Authors: Tracy Morton, Daniel J. Kim, Tracey Deleeuw, Jason Curran, Paul Olszynski and Virginia W. Robinson

Publication date: February 2024


The objective of this study was to determine the scale and scope of use of point-of-care ultrasound (POCUS) in rural British Columbia (BC). Respondents reported ease of access to local POCUS devices, with use highest in emergency departments (87.2%) followed by ambulatory care clinic (54.7%) and inpatient (50.3%) settings. From its origins in emergency medicine and surgical settings, point-of-care ultrasound (POCUS) use has rapidly spread to various specialties, including critical care, internal medicine, anesthesia, and family medicine. Point-of-care ultrasound is now widely available owing to technologic improvements, lower costs, and improved training pathways.
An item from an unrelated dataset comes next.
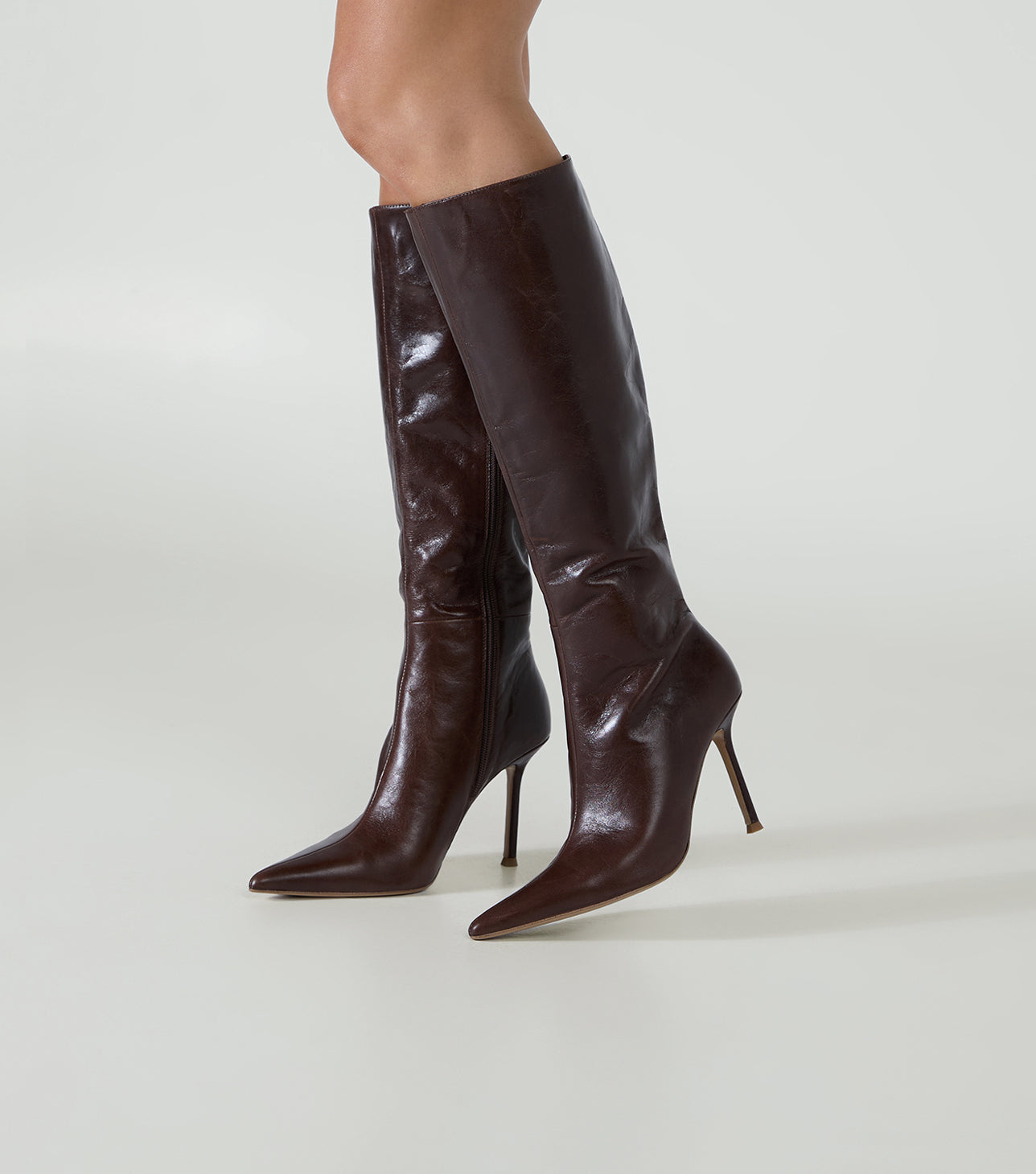 With a pointed toe, stiletto heel, and convenient inner zipper, the Naxos calf boot delivers bold sophistication and style, perfect for powering through the day or night in confidence.

For Canadian rural clinicians practising with limited access to diagnostic imaging services such as radiology ultrasound or computed tomography scanning, POCUS equips providers with a bedside tool that can answer diverse diagnostic questions, such as causes of shock, shortness of breath, or abdominal pain, among other clinical presentations. Furthermore, POCUS use improves procedural safety, especially with the use of real-time needle guidance.


Understanding POCUS use in rural British Columbia could better inform service planning and education needs, both provincially and nationally. Our objectives are to describe POCUS use among rural health care providers in British Columbia with a focus on its clinical use, provider attitudes, and barriers to its use.